I'm curious on what kind of film/brand I should buy for this? Not sure if this is the place to ask. Also I love macro photography and would love to maybe do some film black and whites but I went through my old macro work and just slapped a black and white preset over it to see what it may turn out to be like and usually all my macro shots would be too dark in black and white but not in color. I mean digitally I could adjust that and make it brighter and such. If I take these macro shots in film and process them in the darkroom would I have the same problem of too dark a photo?


----------



## Josh66 (Sep 3, 2010)

I've always liked Fuji Neopan SS 100, Freestyle has it for $3 a roll.

That wouldn't be my first choice for macro though (too grainy) - I love it for portraits though.

For macro, you'll probably want something with finer grain...  I don't really know what to suggest for that...    (Maybe Fuji Acros 100...?)

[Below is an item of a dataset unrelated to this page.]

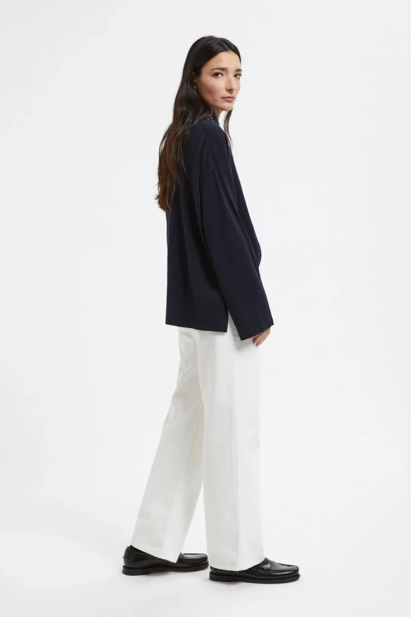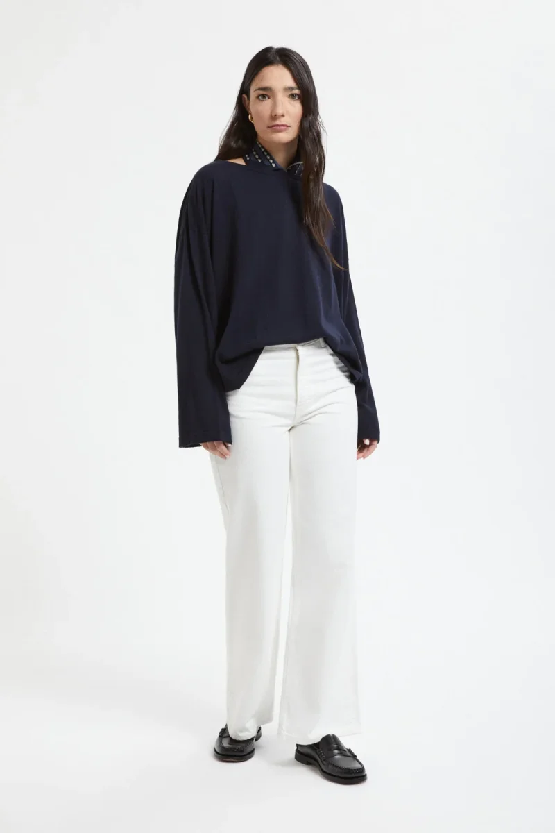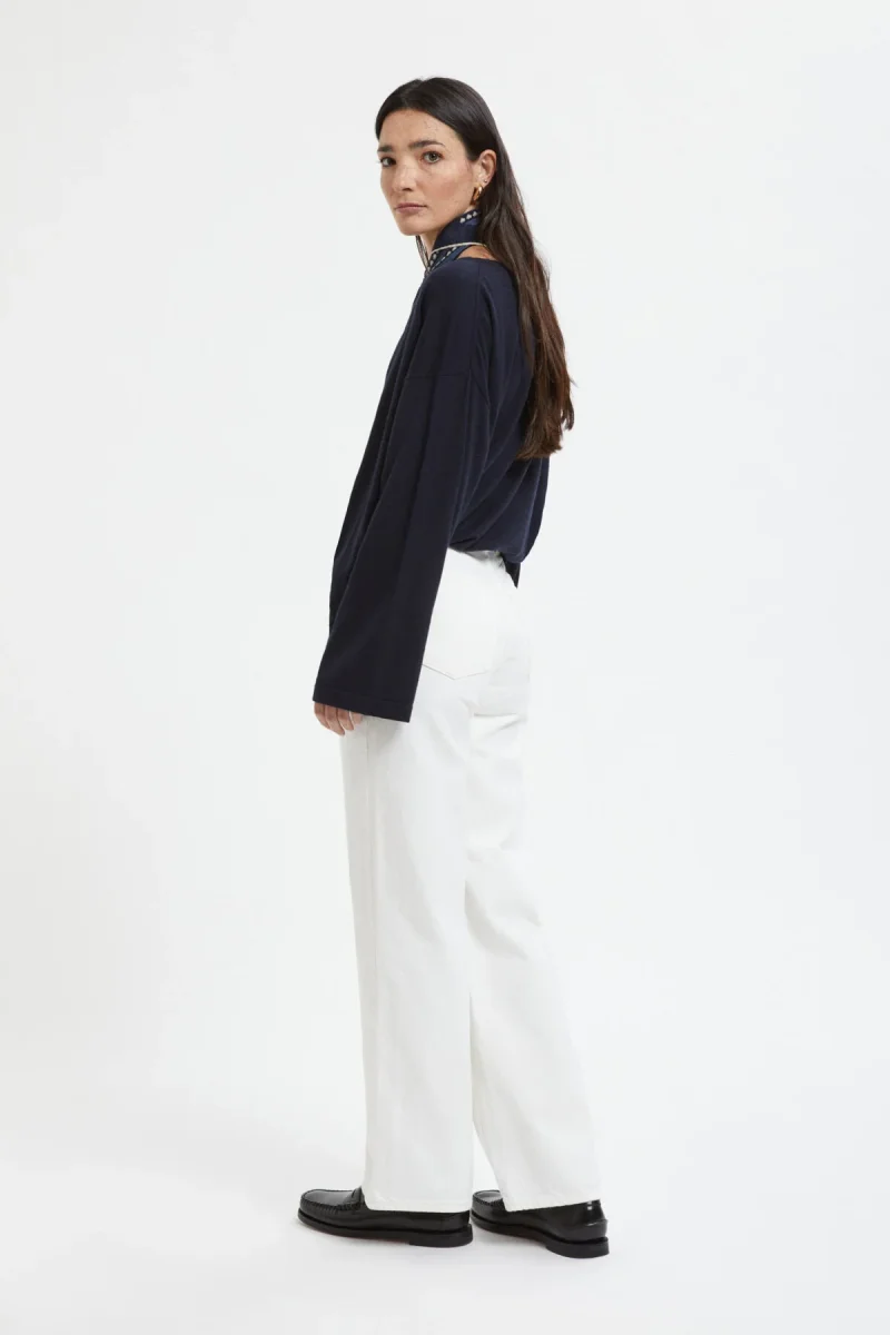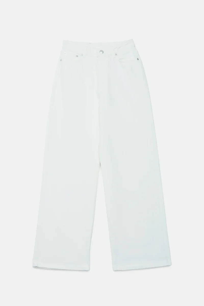 I jeans Wide di Holzweiler sono un modello a cinque tasche realizzato in denim di puro cotone biologico. Presentano vita alta, ricamo tono su tono del logo H sulla tasca portamonete e comode gambe larghe.

With good metering, you shouldn't have any darkness problems...  Also, you should be able to 'fix it' in the darkroom if there are any problems...


----------



## ann (Sep 3, 2010)

you might check with your insturtor to see if they have some recommendations for what you will be using in class

you will have issues in the darkroom if the negatives are underexposed similar as with digital but also different


----------



## Christie Photo (Sep 3, 2010)

O|||||||O said:


> With good metering, you shouldn't have any darkness problems...



Yeah...  that's what I'm thinking.  It's got me wondering...  we are talking through-the-lens metering, aren't we?

-Pete


----------



## Josh66 (Sep 3, 2010)

Christie Photo said:


> O|||||||O said:
> 
> 
> > With good metering, you shouldn't have any darkness problems...
> ...


I am, lol.  Can't speak for the OP...


----------



## Christie Photo (Sep 3, 2010)

O|||||||O said:


> I am, lol.  Can't speak for the OP...



Well...  like I say, it got me wondering since I've not done any macro work with a SLR.  Is it possible to experience "bellows factor" with a macro focusing lens?


----------



## Josh66 (Sep 3, 2010)

Christie Photo said:


> O|||||||O said:
> 
> 
> > I am, lol.  Can't speak for the OP...
> ...


You know, I'm not sure...  I guess it would depend on the camera...?

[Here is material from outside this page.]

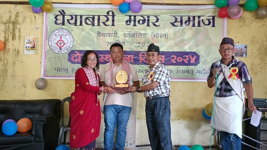 खरसाङ: घैयाबारी मगर समाजको दोस्रो स्थापना दिवस साथै सम्बर्ध्दना कार्यक्रम सम्पन्न भएको छ। सन् २०२२ मा स्थापना भएको घैयाबारी मगर समाजको आयोजनामा घैयाबारीको लोवर गैरी गाउँस्थित सार्वजनिक भवनमा मगर समाजको सभापति भुषण थापाको अध्यक्षता र घैयाबारी ग्राम पञ्चायत तीनको पञ्चायत प्रधान सुष्मा वाईबाको प्रमुख आतिथ्यमा सम्पन्न कार्यक्रममा विशिष्ट अतिथिको रुपमा घैयाबारी ग्राम पञ्चायत तीनको उप प्रधान केवल राई उपस्थित रहेका थिए। प्रणाम थापाले सञ्चालन गरेको उक्त कार्यक्रममा स्वागत सम्भाषण घैयाबारी मगर समाजको सल्लाहकार जयराज थापाले राखेका थिए। कार्यक्रममा नानीहरू क्रमैले समृध्दि थापा, निमिशा थापा लगायत अन्यहरूले नृत्य प्रस्तुत गरेका थिए। कार्यक्रमा हालमा पोखरामा रहेकी घैयाबारीकी गायिका शीत्तल थापाले गीतहरू प्रस्तुत गरेका थिए। यसै कार्यक्रममा घैयाबारी मगर समाजका नानीहरू जसले विभिन्न क्षेत्रहरूमा गरिरहेको उन्नति र प्रगतिको लागि सम्बर्ध्दना जनाइएको छ। यस क्रममा माध्यमिक परीक्षामा उत्तीर्ण अभियान थापा, फुटबल खेलाड़ी राहुल थापा, अधिवक्ता उत्तीर्ण मञ्जिता थापा र डेन्टिस डा प्रकृति थापालाई घैयाबारी मगर समाजको तर्फबाट खदार्पणसहित स्मृति चिन्ह प्रदान गरेर सम्बर्ध्दना जनाइएको छ। घैयाबारी मगर समाजको दोस्रो स्थापना दिवस र सम्बर्ध्दना कार्यक्रमको शुरुवात मित्रसेन थापाको तस्वीरमा खदार्पणसहित धुप दीप प्रज्वलन गरेर थालिएको थियो।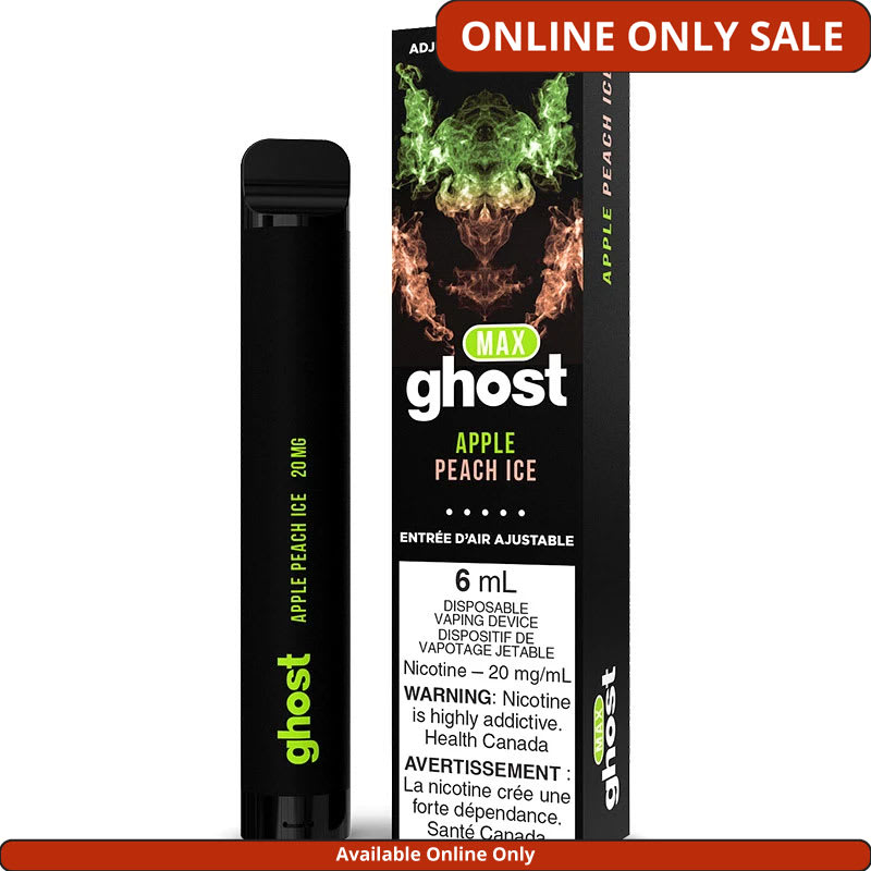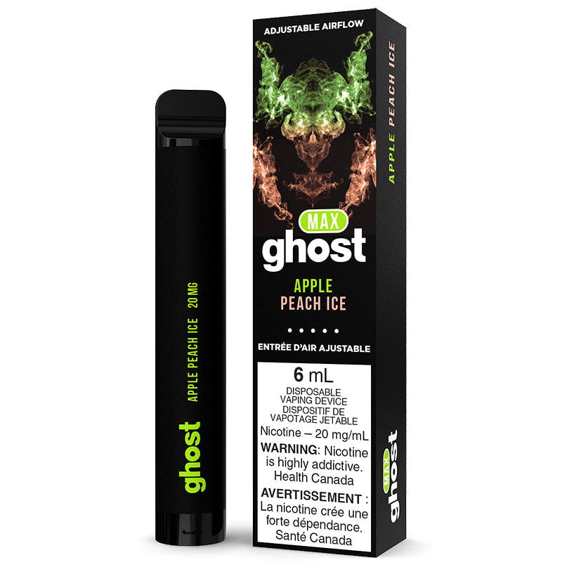 This Apple Peach Ice Ghost Max Disposable Vape Pen is prefilled with 6mL of cool fruity e-liquid with 20mg/mL of nic salts or Bold50 hybrid nicotine, and the 1050mAh battery delivers up to 2000 puffs of flavourful vapor with a 1.3Ω coil and adjustable airflow control.

Any light changes due to close focusing should be automatically accounted for by the in camera meter, right?


----------



## Christie Photo (Sep 3, 2010)

O|||||||O said:


> Any light changes due to close focusing should be automatically accounted for by the in camera meter, right?



Right.  IF he's metering through-the-lens.  See what I mean?


----------



## Josh66 (Sep 3, 2010)

I get you now.  I'm going to assume that the OP is using the in-camera meter, but I guess we'll have to wait for clarification to be sure...


----------



## JbleezyJ (Sep 3, 2010)

I just use matrix metering in my camera when doing macro digitally.


----------



## djacobox372 (Sep 3, 2010)

The two most popular B/W films are kodak tmax, and fujifilm neopan acros


----------



## conorg (Sep 6, 2010)

Yeh I agree that fuji neopan SS 100 would be a good choice to use, and best of all is relatively cheap :thumbup:


----------